(Items from a data source)
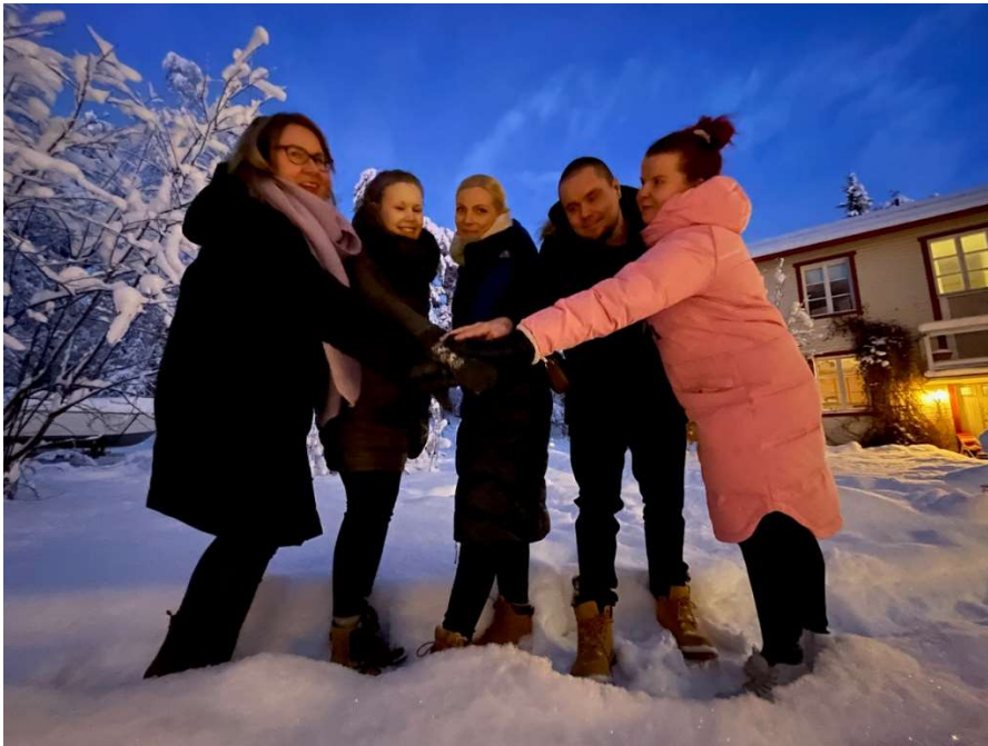
Kuva joulukuussa 2022, jossa osa ELO:n työntekijöistä

Työntekijät osallistuivat erilaisiin koulutuksiin muun muassa ensiapukoulutukseen ja verkostokonsulttikoulutus. ELO kustansi työntekijöiden kouluttamisen. Yhdistys huolehti työntekijöiden työhyvinvoinnista TYHY-suunnitelman mukaisesti järjestämällä muun muassa työntekijöille TYHY-päivät, tarjoamalla liikuntasetelit ja järjestämällä säännöllisen työnohjauksen.
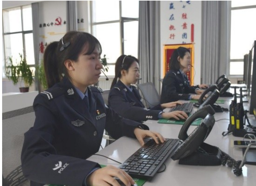
中卫市公安局110接警员全力处理每一次警情,守护群众财产安全。

情报指挥中心2024年2月2日16时01分接报警称,中宁县白马乡牛头山,因家中老人去世,家属前往山中埋葬,因降雪增大,有40余人12辆车被困,请求帮助。
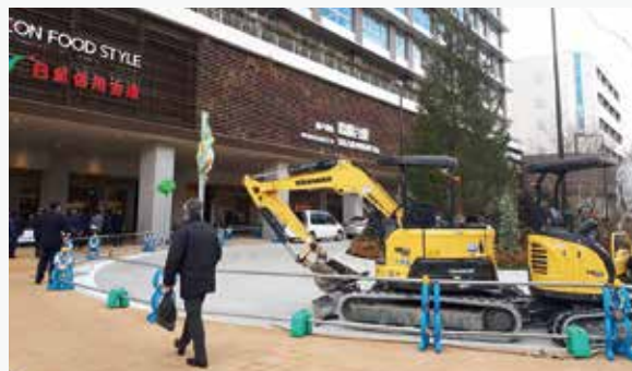
神戸・鈴蘭台駅ビル

広島市議会の「都市活性化対策特別委員会」で、1月27～29日の3日間、「再開発」をテーマに、大阪、京都、神戸の3都市を視察しました。神戸市北区の神戸電鉄・鈴蘭台駅の駅前地区再開発では、郊外型のまちづくりの観点から、広島市安佐南区で活かせるヒントがありました。
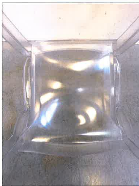
Vista da sotto
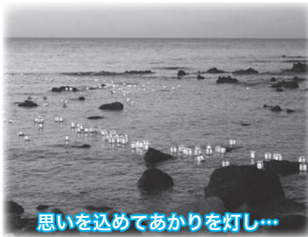
思いを込めてあかりを灯し...
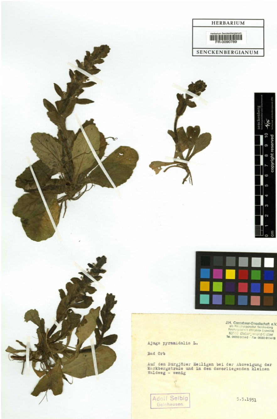
Abbildung 2: Herbarbeleg des Senckenberg-Herbariums von Ajuga pyramidalis aus dem Spessart.
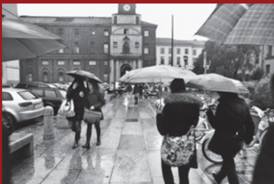
Università Cattolica, Milano, 2009.
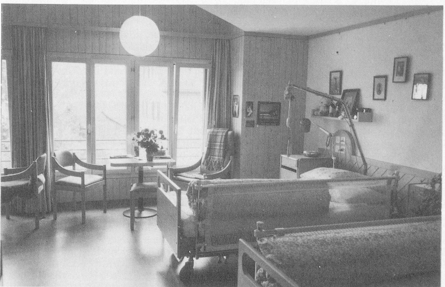
Im Pflegezimmer wurde darauf geachtet, dass auch vom Bett aus die Sicht ins Grüne gewährleistet ist.
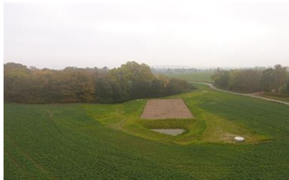
Minivådområde med filtermatrice.
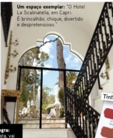
Um espaço exemplar: "O Hotel La Scalinatella, em Capri. É brincalhão, chique, divertido e desprezioso."

Uma regra: "Se gosta, vai funcionar." As moradas: "Para além da minha loja, o site que amo, 1stDibs.com"

Exercise details -
All that should appear in the answer is the lines above from the line with "Im Pflegezimmer wurde" through the line with "La Scalinatella, em", retyped exactly, pictures left out.

Your solution -
Im Pflegezimmer wurde darauf geachtet, dass auch vom Bett aus die Sicht ins Grüne gewährleistet ist.
Minivådområde med filtermatrice.
Um espaço exemplar: "O Hotel La Scalinatella, em Capri. É brincalhão, chique, divertido e desprezioso."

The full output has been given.